[DATA TO PROCESS — start]

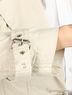 Детали: застежка на металлических декоративных запонках, внутри вшитый пояс, накладные карманы с листочками, рукав длинный двухкроеный сжимается у запястья ремешком на шлевках.
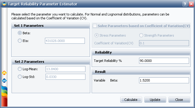 The Solve Parameters based on Coefficient of Variation (CV) check box is available only in the Weibull++ version of the tool and when the distributions are either both normal or both lognormal. Select the parameters to estimate and then enter the CV value. The tool will then estimate the parameters that would result in the target reliability.
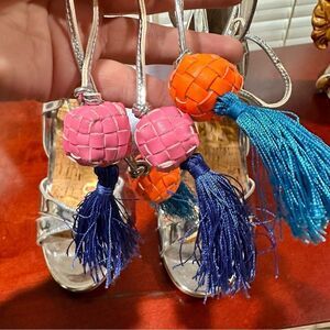 Adding a whimsical touch to the resort collective, these Azela sandals from Sam Edelman are detailed with knotted tassel pompoms at the front for recognisable bohemian attitude. Inherently chic with its gleaming mirror construction, this pair offers futuristic polish with comfortable height. 4.3" covered stiletto heel Metallic silver-tone mirror upper Criss-cross front band Cut-out counter Lace-up front with orange and pink knotted pompoms with multi-tonal blue tassels Exposed back zip fastening Fabric lining, padded insole, and synthetic outsole 100% Leather Upper / 100% Synthetic Sole Product measures: Heel 11cm (4.3") True to size
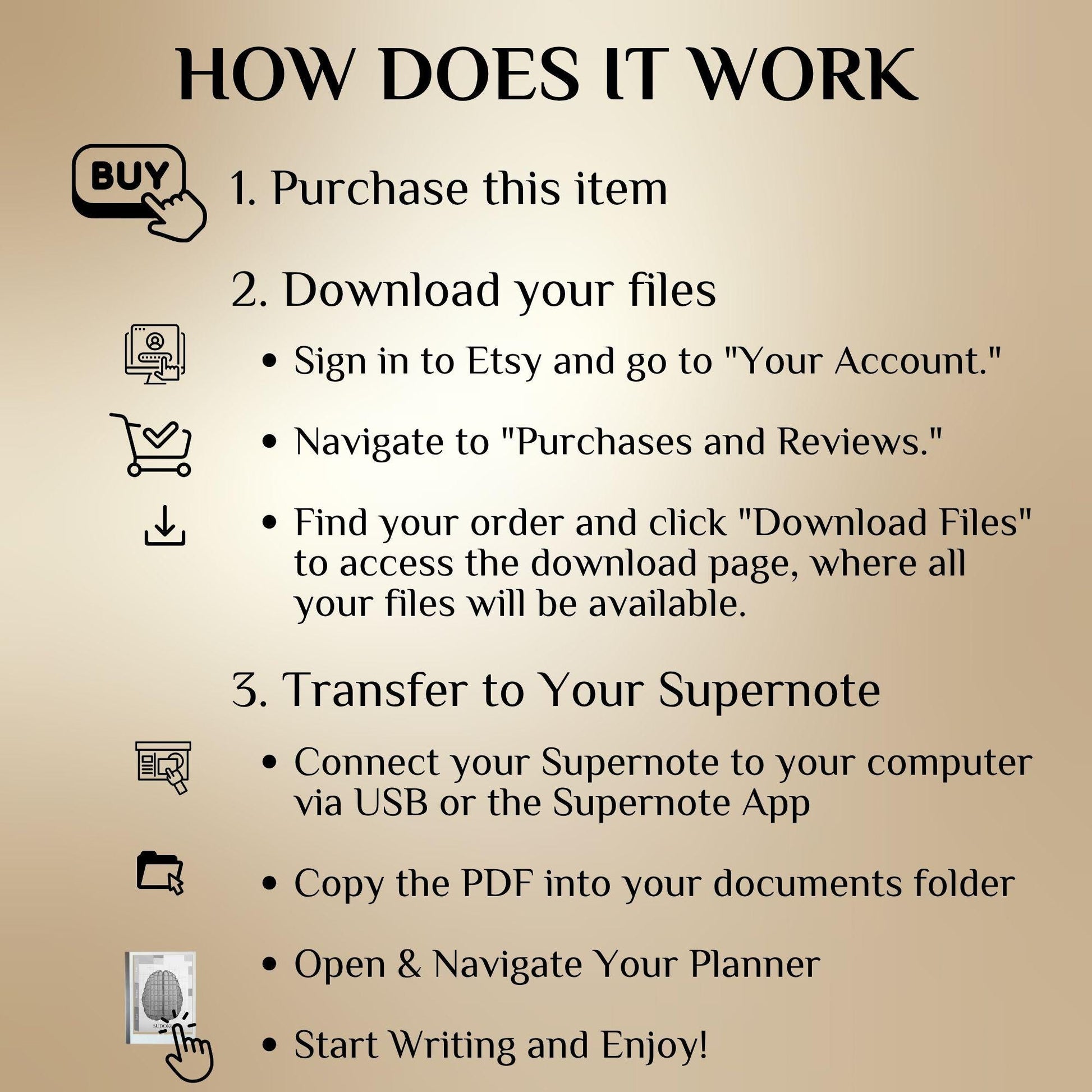 🖋️ HOW TO USE 1️⃣ Download your files instantly after purchase 2️⃣ Import into your Supernote using USB or Supernote Cloud 3️⃣ Navigate via hyperlinks and solve directly with your stylus 4️⃣ Duplicate pages or re-use as many times as you'd like
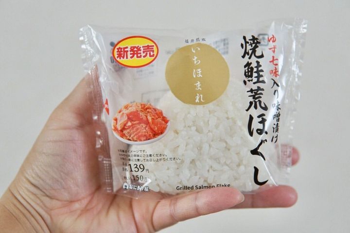関東・甲信越、中部、近畿地区の23都府県限定で販売されているのが、福井県が6年の歳月をかけて開発したブランド米「いちほまれ」を使用したおにぎり2種。「焼鮭荒ほぐし」と「塩にぎり」

[DATA TO PROCESS — finish]

● WHAT THE TASK ASKS:
From the line containing "Adding a whimsical" to the last line of the records, inclusive, output the lines exactly as written and nothing else; leave out the pictures.

● RESPONSE AREA:
 Adding a whimsical touch to the resort collective, these Azela sandals from Sam Edelman are detailed with knotted tassel pompoms at the front for recognisable bohemian attitude. Inherently chic with its gleaming mirror construction, this pair offers futuristic polish with comfortable height. 4.3" covered stiletto heel Metallic silver-tone mirror upper Criss-cross front band Cut-out counter Lace-up front with orange and pink knotted pompoms with multi-tonal blue tassels Exposed back zip fastening Fabric lining, padded insole, and synthetic outsole 100% Leather Upper / 100% Synthetic Sole Product measures: Heel 11cm (4.3") True to size
 🖋️ HOW TO USE 1️⃣ Download your files instantly after purchase 2️⃣ Import into your Supernote using USB or Supernote Cloud 3️⃣ Navigate via hyperlinks and solve directly with your stylus 4️⃣ Duplicate pages or re-use as many times as you'd like
関東・甲信越、中部、近畿地区の23都府県限定で販売されているのが、福井県が6年の歳月をかけて開発したブランド米「いちほまれ」を使用したおにぎり2種。「焼鮭荒ほぐし」と「塩にぎり」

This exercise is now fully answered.